The Power of Empathy

By Rina Goldenberg Lynch

Empathy is the most important leadership skill!  a Forbes magazine headline claimed.  Instantly, I looked up!  That sounds interesting, I thought.  I have been talking about Empathy – one of our eight Inclusive Behaviours – for a long time.  And now there’s research supporting our view of its importance?  Oh yes, that is of interest!

And not just to us!  To you, I hope, too.

What does the research actually say?

The Forbes article explains that Empathy is an essential skill for leaders that, in addition to being a valuable people-skill, also drives innovation and retention.  The reason?  Elevated stress levels in recent times have made it difficult for people to find happiness at work.  An empathetic leader can be the gateway to reinstating this elusive characteristic and improve performance.  Here is how:

  1. Empathetic leaders can inspire employees to innovate.
  2. Empathetic leaders can drive engagement.
  3. When women feel that their life circumstances are respected and valued by their organisations, they are less inclined to leave.
  4. Those with empathetic leaders feel more included and attribute that inclusion to the organisation.
  5. Empathy makes it easier for people to juggle conflicting work/life priorities and more successfully navigate demands on time from family and colleagues.
  6. Empathy begets empathy and increases cooperation when introduced into the decision-making process.
  7. Empathetic leaders contribute to improved mental health of their employees.
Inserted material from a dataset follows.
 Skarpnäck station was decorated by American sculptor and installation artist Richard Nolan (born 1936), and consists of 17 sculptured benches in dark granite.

All of this is logical and most of us understand it.  But here’s the thing that I found incredible:  research suggests that showing empathy is an important part of our human condition.  When we empathise with others, our brain is triggered in the same way as when we experience what the person with whom we empathise experiences.  It’s emotional telepathy!

Science indicates that we are neurologically-linked to other human’s emotions, so it’s not surprising after all that when we are shown empathy, it improves our wellbeing and our performance.  Similarly, when we are deprived of it, our emotional wellbeing and all related physiological and emotional responses suffer as a consequence.
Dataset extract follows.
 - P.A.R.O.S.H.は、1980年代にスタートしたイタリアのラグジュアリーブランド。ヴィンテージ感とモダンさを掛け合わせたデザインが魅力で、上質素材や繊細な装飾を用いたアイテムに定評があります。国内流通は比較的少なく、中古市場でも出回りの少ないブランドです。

What does this mean for leadership?

Empathy is undoubtedly part of any good leadership development training.  It is most certainly part of our Inclusive Leadership programme.  So if you’re a leader, or are developing to become one, think of strengthening your empathy muscles.

Here are a few suggested ways to do that:

  1. Step into the shoes of another. Ask yourself: If the roles were reversed, how would I feel?  This is something  we can practice not only in the work context but anywhere and anytime.  The more we practice this, the better we get at Empathy.  And, before we know it, we no longer have to ask ourselves the question, we simply understand what the other person must be going through in order to act ‘that’ way.

 

  1. Ask the question. When it is unclear why or what another person is doing – and particularly if that person is a peer or a colleague – allow them the space to explain.  A simple question such as What is really bothering you? or What are you trying to achieve? or similar will afford them the opportunity not only to respond but to reflect and understand their own motivation.  The ability to provide someone a space to reflect is in itself an act of empathy.

 

  1. Showing empathy doesn’t mean agreeing. When we show empathy, we show the other person we understand them.  But it doesn’t necessarily follow that we have to agree with them.  Constructive feedback is much better received in an environment where perspectives are understood and acknowledged, even if disagreed with.
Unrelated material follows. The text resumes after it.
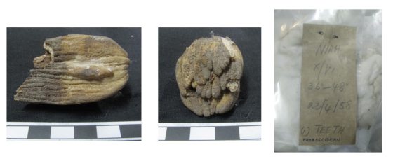这是个动物的牙齿标本,个体不大,可安放于一正常成人掌心之中。可是其外部形态特征却异常明显,无疑是亚洲象一颗颊齿的残端部分。质地脆弱,稍不谨慎,周边结构极易散落,所以也绝对不是近现代动物留下的遗骸。标本袋内还发现有当年发掘时的记录标签。一看标签内容,该标本的发现历史和地点位置即一目了然,一切存疑都消散无影:尼亚洞,发掘坑X/VI,发现日期 1958年4月23日。

Empathy is an important part of Inclusion.  So when you celebrate International Men’s Day or mark Transgender Day of Remembrance (or the International Day for the Elimination of Violence Against Women) later this month, use your empathy to reach out and try to understand the meaning behind the event and what it could teach you.  In the end, the person who is able to empathise  benefits just as much as the person on the receiving end of empathy.